Tra i risultati, si possono trarre alcune conclusioni interessanti. Uno studio ha dimostrato che la barriera emato-encefalica, che protegge il cervello dalle sostanze nocive, diventa più permeabile con l'età, consentendo a una maggiore quantità di proteine provenienti dal sangue di passare al cervello. È interessante notare che questa permeabilità era maggiore negli uomini, ma è noto che il rischio di sviluppare demenza è maggiore nelle donne.
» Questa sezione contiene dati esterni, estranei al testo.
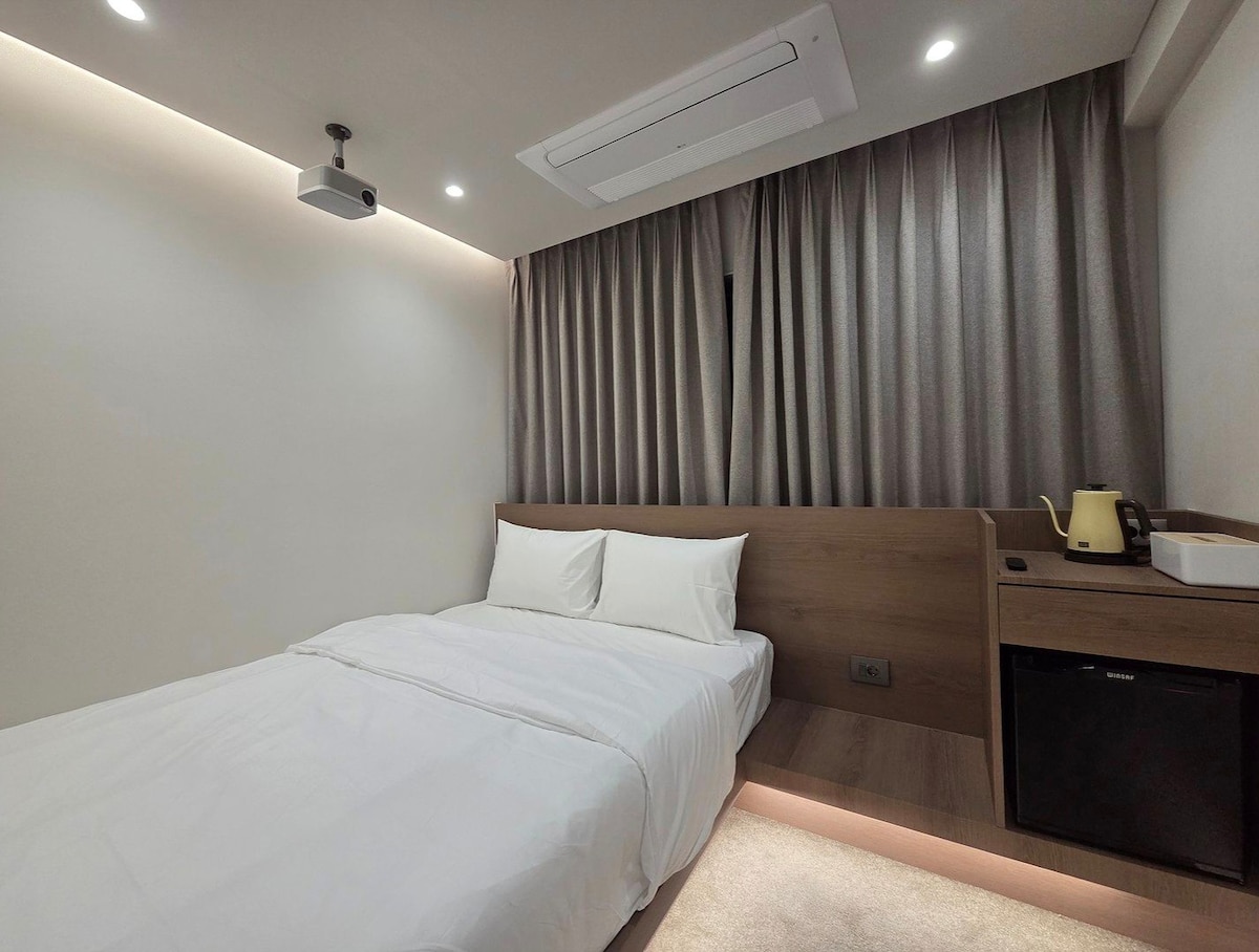 Stay105 행궁 본 숙소는 합리적인 가격의 셀프 스테이 숙소입니다. 호텔급 풀서비스를 기대하시는 분보다는 깔끔하고 조용한 숙박을 원하시는 분께 적합합니다. 행궁동 겨울 골목에 있는 편안한 숙소입니다.” -객실 안내 포근한 더블침대와 호텔급 화이트 침구 벽걸이 TV, 에어컨, 청결한 욕실 완비 간단한 소지품을 보관할 수 있는 옷걸이와 선반 부드러운 조명과 미니 테이블로 완성된 감성 공간 -공간의 매력 햇살 아래 커피 한 잔의 여유를 즐길 수 있는 조용한 객실 따뜻하고 차분한 인테리어로 마음이 안정되는 공간 혼자 혹은 둘이 머물기 좋은 크기와 구조 -위치 수원 화성행궁에서 도보 5분 거리, 행궁동 카페거리와 전통시장, 공방거리가 가까워 도심 속에서도 여유로운 여행을 즐기실 수 있습니다. Stay105 행궁에서 하루의 쉼과 감성을 충전하는 시간을 가져보세요.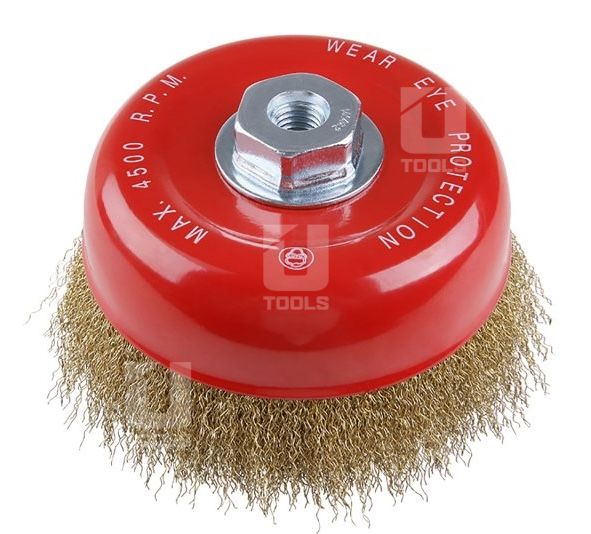- Rotačná kefa hrncová, vlnitá, pomosadzená, M14, 150 mm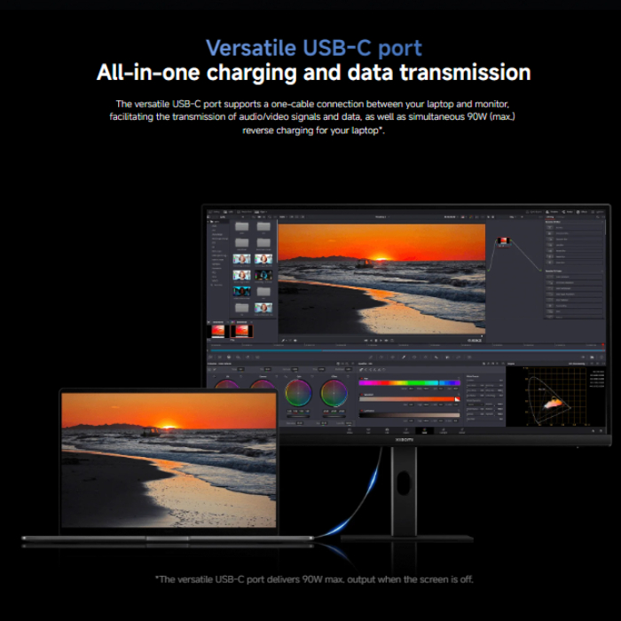 Monitor LED Xiaomi A27Ui 27" IPS Hard Screen 4K UHD 3840x2160 HDMI x2 DP x1 USB-C 90w 4K UHD image quality USB-C reverse

Il lavoro del GNPC e la presentazione dei dati iniziali rappresentano solo l'inizio di una nuova era per la ricerca su queste tipologie di malattie. Sebbene i partecipanti abbiano avuto accesso esclusivo ai dati per un anno, questi saranno poi disponibili all'intera comunità scientifica per l'analisi. Questo ampio numero di campioni, ottenuti da ampie coorti provenienti da diverse parti del mondo, faciliterà il confronto dei risultati, garantendone la replicabilità e l'utilità per i pazienti. "Questa è una prima descrizione di ciò che abbiamo, ma la parte più interessante deve ancora venire", riassume Suárez-Calvet. Biomarcatori precoci per la diagnosi, nuovi bersagli per farmaci più efficaci e un modello di medicina di precisione personalizzato sulle caratteristiche personali di ciascun paziente sono alcune delle promesse per un gruppo di malattie con un impatto sempre più significativo.

Bill Gates, la forza trainante del consorzio attraverso la sua fondazione, ha scritto un articolo di opinione che accompagna gli articoli scientifici pubblicati oggi sulle riviste Nature , riassumendo lo spirito del progetto: "Siamo più vicini che mai al giorno in cui una diagnosi di Alzheimer non sarà più una condanna a morte, ma solo se continueremo a sostenere i ricercatori e a facilitare la loro collaborazione".